THE RECORDS Block Start

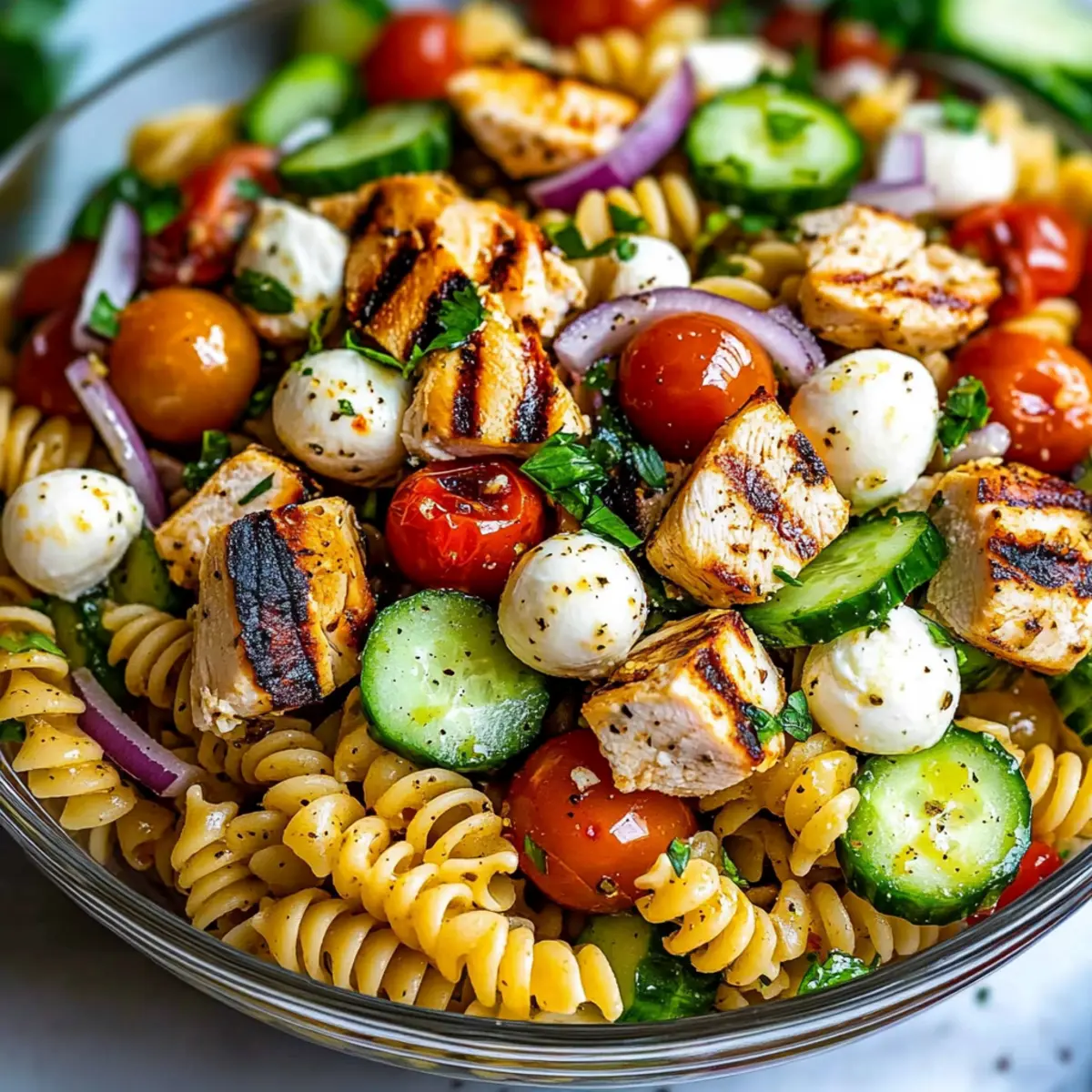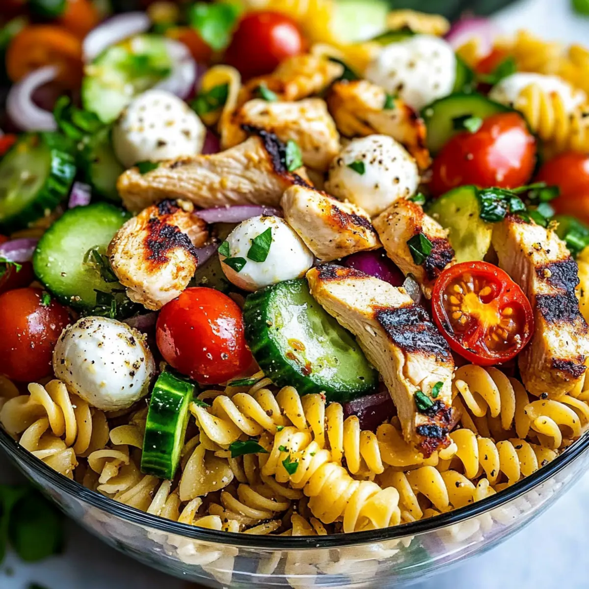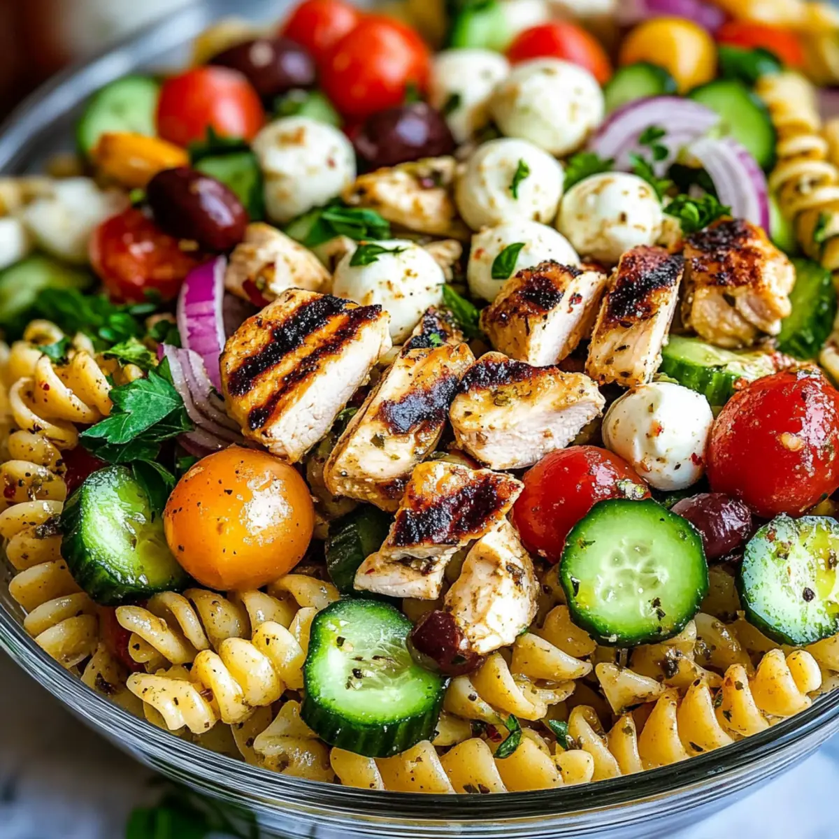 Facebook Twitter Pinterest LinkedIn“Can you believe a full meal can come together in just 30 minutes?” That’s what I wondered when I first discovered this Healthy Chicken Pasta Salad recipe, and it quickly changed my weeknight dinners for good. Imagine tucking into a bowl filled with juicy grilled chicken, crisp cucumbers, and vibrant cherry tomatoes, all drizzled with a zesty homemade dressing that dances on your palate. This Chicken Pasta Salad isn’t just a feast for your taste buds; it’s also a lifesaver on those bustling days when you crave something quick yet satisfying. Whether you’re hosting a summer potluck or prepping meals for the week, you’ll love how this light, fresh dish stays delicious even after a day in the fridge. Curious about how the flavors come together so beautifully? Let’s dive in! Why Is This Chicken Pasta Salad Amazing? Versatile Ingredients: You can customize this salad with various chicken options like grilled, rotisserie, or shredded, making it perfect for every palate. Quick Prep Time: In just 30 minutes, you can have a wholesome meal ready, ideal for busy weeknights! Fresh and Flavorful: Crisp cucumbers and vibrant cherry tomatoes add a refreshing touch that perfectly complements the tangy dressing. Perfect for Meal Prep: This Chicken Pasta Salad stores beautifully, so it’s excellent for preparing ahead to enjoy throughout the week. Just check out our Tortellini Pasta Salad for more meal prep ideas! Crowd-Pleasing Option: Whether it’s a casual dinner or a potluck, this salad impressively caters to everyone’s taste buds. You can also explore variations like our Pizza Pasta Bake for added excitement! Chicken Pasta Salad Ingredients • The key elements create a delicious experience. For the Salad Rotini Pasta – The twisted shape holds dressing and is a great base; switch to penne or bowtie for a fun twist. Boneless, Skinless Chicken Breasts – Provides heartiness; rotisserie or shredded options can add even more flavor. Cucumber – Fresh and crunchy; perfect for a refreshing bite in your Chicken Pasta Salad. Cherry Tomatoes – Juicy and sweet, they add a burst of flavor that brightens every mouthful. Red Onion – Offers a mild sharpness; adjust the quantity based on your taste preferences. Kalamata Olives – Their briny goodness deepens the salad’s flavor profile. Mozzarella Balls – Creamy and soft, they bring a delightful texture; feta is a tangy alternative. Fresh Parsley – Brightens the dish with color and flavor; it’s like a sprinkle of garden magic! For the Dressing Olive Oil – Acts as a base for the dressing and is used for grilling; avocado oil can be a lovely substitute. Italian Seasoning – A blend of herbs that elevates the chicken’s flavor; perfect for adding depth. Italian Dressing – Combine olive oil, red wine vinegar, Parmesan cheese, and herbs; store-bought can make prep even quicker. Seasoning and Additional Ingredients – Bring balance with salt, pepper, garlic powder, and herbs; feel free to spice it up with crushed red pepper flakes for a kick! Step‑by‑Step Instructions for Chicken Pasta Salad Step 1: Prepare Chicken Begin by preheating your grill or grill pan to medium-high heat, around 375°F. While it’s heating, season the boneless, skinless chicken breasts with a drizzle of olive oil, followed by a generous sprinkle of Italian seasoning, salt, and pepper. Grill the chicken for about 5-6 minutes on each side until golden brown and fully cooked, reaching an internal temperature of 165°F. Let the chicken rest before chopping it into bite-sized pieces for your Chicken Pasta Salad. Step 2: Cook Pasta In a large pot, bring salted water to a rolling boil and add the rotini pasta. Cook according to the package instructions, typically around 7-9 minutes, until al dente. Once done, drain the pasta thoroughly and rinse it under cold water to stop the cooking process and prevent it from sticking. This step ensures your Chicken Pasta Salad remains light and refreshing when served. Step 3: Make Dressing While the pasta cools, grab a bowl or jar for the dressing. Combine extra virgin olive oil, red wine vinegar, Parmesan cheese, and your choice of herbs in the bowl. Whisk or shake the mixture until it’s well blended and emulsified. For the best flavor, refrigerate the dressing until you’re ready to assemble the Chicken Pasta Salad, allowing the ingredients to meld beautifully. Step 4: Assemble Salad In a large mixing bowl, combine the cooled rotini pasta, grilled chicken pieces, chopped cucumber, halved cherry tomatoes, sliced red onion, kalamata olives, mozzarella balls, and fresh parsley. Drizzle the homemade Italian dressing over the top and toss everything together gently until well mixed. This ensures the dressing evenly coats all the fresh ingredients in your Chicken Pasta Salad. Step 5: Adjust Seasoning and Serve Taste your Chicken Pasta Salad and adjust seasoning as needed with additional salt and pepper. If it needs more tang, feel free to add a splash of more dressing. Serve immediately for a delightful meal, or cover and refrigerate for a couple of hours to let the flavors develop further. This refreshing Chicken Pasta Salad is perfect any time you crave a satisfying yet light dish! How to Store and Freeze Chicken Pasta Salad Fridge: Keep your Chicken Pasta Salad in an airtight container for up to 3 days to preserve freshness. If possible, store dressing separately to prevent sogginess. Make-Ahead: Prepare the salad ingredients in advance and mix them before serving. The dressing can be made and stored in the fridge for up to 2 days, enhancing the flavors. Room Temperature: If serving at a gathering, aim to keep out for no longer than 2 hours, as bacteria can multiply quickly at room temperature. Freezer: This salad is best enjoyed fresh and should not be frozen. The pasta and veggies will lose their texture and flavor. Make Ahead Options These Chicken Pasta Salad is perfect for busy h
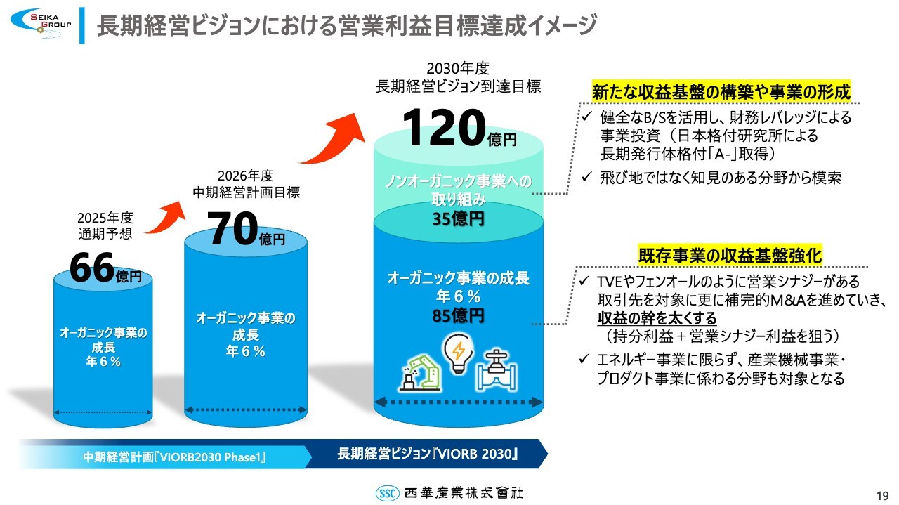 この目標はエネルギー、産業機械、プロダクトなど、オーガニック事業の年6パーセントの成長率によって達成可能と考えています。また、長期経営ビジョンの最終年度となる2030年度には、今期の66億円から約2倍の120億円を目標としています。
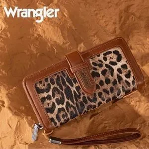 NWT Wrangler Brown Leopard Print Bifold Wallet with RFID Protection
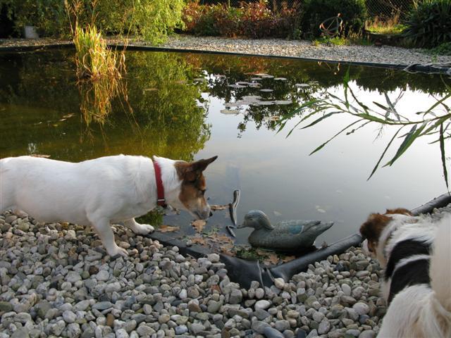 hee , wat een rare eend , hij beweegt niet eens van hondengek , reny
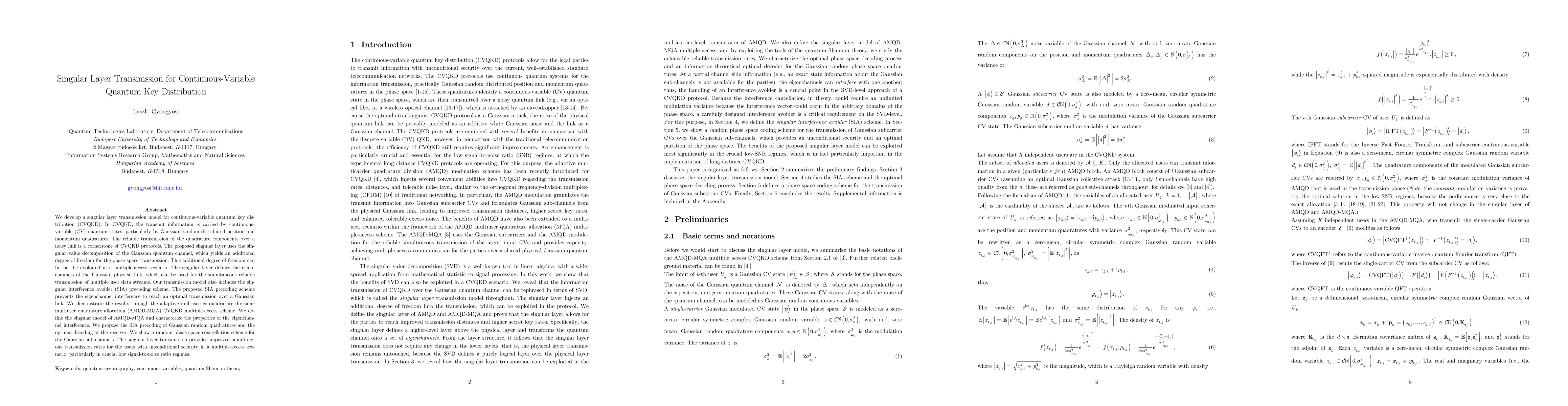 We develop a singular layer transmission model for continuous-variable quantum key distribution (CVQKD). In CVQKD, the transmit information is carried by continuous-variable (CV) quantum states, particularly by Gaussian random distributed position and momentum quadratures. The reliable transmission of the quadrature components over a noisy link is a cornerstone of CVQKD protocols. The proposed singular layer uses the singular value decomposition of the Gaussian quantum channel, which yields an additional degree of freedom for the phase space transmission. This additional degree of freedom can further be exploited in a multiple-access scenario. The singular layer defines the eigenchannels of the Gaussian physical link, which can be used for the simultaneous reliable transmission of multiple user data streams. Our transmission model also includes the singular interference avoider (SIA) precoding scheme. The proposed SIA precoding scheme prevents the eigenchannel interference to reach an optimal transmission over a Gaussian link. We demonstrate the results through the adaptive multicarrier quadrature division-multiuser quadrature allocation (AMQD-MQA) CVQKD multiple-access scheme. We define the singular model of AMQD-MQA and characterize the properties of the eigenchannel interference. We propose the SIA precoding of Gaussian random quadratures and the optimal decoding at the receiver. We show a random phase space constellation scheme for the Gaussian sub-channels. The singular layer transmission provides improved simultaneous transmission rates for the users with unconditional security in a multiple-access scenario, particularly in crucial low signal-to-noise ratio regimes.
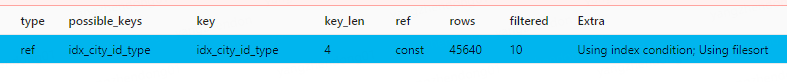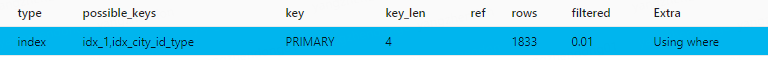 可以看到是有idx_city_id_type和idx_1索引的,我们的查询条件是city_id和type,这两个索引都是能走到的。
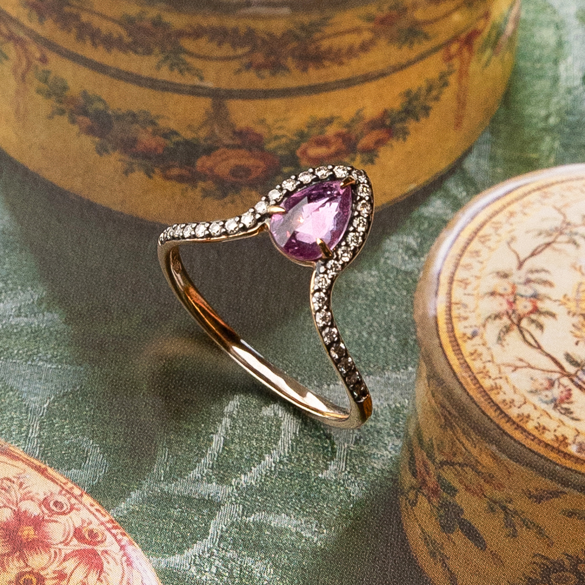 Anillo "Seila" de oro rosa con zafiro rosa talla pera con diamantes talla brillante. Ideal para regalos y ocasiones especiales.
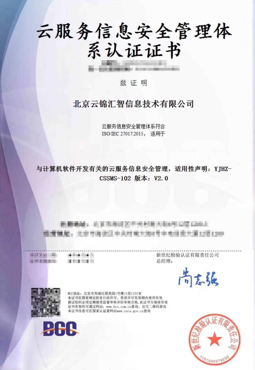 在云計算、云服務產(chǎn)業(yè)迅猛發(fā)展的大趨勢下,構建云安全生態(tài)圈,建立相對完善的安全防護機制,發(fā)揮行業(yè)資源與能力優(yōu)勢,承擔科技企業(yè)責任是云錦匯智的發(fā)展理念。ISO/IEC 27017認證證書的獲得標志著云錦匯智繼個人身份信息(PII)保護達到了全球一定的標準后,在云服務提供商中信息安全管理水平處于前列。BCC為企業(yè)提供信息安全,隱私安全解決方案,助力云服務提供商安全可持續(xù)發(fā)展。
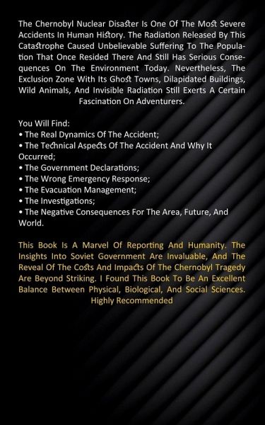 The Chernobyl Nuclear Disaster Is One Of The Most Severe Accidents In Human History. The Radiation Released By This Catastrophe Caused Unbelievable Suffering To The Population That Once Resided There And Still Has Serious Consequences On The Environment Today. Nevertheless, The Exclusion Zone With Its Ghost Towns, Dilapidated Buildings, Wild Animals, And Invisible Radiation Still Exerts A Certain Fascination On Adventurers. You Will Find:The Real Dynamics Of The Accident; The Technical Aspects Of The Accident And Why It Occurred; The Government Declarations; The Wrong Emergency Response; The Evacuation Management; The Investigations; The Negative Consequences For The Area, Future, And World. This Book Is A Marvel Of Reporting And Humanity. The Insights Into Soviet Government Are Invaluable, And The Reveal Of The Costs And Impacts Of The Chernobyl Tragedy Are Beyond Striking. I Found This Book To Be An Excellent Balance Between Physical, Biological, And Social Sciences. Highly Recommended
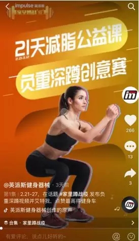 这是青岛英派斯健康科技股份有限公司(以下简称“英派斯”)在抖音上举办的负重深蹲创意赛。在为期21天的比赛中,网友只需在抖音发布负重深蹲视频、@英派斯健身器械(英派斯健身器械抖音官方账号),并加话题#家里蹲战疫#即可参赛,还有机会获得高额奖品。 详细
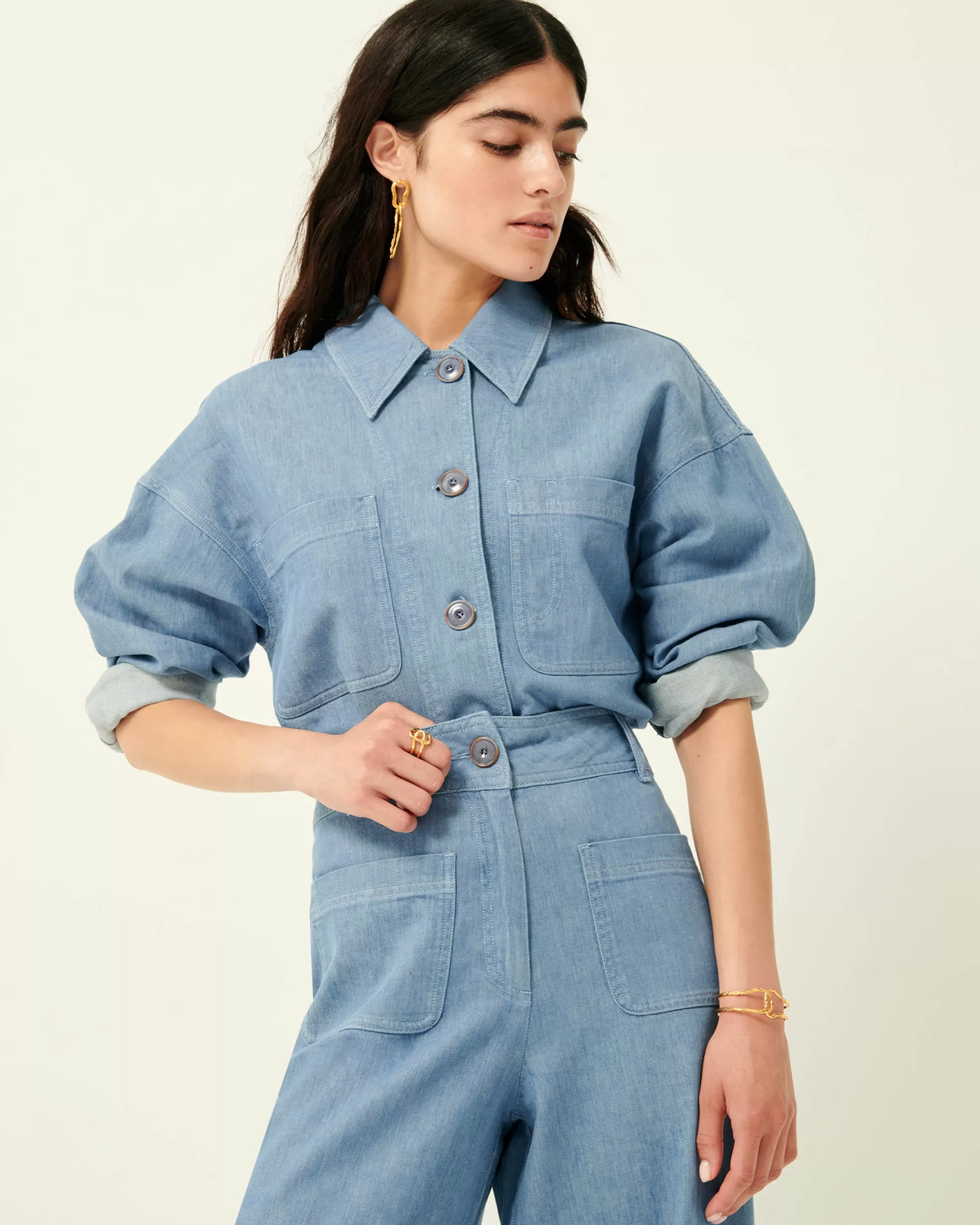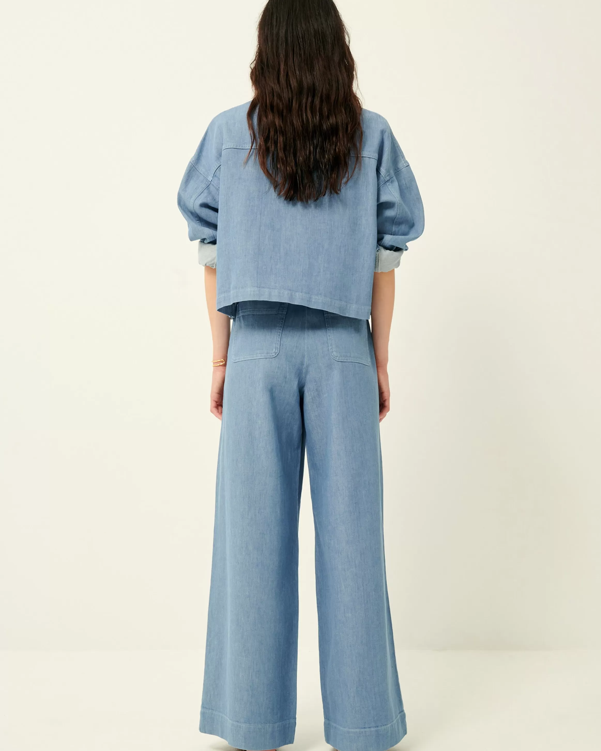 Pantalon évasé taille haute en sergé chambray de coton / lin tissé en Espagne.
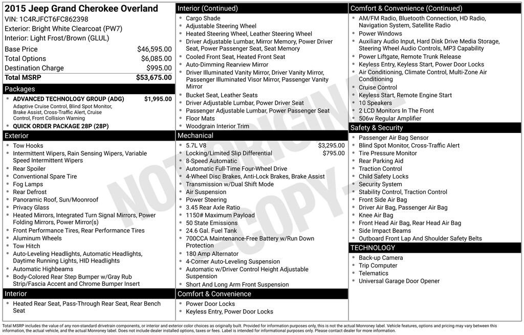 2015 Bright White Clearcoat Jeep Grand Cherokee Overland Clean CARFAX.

THE RECORDS Block End

When you reach the line containing "この目標はエネルギー、産業機" in the entries above, begin restating word for word, and stop once the line containing "hee , wat een" has been given. Omit the pictures.

 この目標はエネルギー、産業機械、プロダクトなど、オーガニック事業の年6パーセントの成長率によって達成可能と考えています。また、長期経営ビジョンの最終年度となる2030年度には、今期の66億円から約2倍の120億円を目標としています。
 NWT Wrangler Brown Leopard Print Bifold Wallet with RFID Protection
 hee , wat een rare eend , hij beweegt niet eens van hondengek , reny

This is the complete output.